Byline: Susan Smith, April 1976

Oriana Fallaci is the scourge of politicians — and she’s proud of it.
Fallaci, the 45-year-old correspondent for L’Europeo who has become internationally known for her rough, aggressive interviews of political figures, calls these interviews “fights” and says her basic weapon is the tape recorder.
“Nothing portrays a person as well as the self-portrait this person makes of himself,” she says.
Perhaps her most famous interview was with Henry Kissinger, who described himself to her as “the cowboy leading the caravan alone astride his horse,” a statement he later regretted. Kissinger is not the only one to say imprudent things during a Fallaci interview. Recently, William Colby, former head of the CIA, exasperated by her attacks on the CIA for interfering in the internal affairs of Italy, Chile, and Cuba, said, “Maybe our morals are not perfect, but they are better than others….”
Fallaci’s voice is low and hoarse. She smokes constantly and interrupts herself frequently with a harsh cough.

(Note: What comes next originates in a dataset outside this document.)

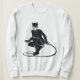 This striking graphic captures Catwoman in her element, showcasing her agility and stealth as she prepares for action. The illustration is rendered in bold black and white, emphasizing the sleekness of her costume and the dynamic movement of her pose. Catwoman is depicted crouching with a whip coiled at her side, her gaze focused and calculating. The splattered ink effect around her adds a sense of urgency and the chaotic environment in which she thrives. This artwork not only highlights Catwoman's iconic status as a skilled thief and anti-heroine but also her complex relationship with Gotham and its dark knight. It's a powerful portrayal of one of Batman's most enigmatic and formidable allies and adversaries.

She mocks her “hilarious Fallaci English,” a language in which she pronounces the suffix “ed” as a separate syllable, giving her speech a quaint, Elizabethan flavor….
Why is it important to interview the heads of state, the leaders who have power?

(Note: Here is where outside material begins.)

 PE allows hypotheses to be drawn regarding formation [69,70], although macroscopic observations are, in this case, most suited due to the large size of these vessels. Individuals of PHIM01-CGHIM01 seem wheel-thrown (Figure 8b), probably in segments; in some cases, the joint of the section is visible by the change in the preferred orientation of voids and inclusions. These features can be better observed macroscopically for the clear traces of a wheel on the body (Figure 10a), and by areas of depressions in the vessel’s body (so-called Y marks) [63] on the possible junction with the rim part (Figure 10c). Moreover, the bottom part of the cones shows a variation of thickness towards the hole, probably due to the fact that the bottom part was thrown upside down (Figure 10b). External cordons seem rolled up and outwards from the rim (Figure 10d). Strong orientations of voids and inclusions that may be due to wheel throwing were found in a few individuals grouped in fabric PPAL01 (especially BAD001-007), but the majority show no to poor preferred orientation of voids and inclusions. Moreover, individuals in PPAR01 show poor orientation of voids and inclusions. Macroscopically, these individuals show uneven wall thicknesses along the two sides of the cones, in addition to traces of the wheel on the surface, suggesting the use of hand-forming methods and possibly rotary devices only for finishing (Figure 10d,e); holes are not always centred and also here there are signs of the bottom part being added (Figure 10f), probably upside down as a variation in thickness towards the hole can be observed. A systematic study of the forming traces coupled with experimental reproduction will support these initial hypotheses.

“Their answers. They say the truth or they lie. In the democratic countries, we are the only tool of communication between the people and the power. What other bridge does society have but the bridge offered by the journalists; as bad as they accuse us of being — superficial, without culture — we are still the only ones who guarantee to the people the right and duty to know what happens, to understand it and to intervene somehow. It is far more important and far more moral to be a journalist than a politician.”
Fallaci does not trust politicians generally because, she says, she knows them “too well.” She once liked and admired Indira Gandhi, but now she feels betrayed and her pessimism about those with power has been doubled.
“Now she is dictator,” says Fallaci. “She has been doing in advance what the others will do. She has been the first to betray democracy.”
By now, politicians have grown wary of Fallaci, and it is often difficult for her to get an interview: “I work a long time before I get a good interview. Sometimes months. Sometimes one or two years. But I wait. The politicians know me too well and they know the risk. Having one of those interviews can be very good or very bad. Some are scared. They pay attention and they prepare themselves. It’s like playing kung fu all the time.”
She regrets she has been unable to interview Richard Nixon or Gerald Ford: “And I cannot see Chou En-lai anymore. I was so furious with him when he died. I’m sure he would have been a marvelous interview.”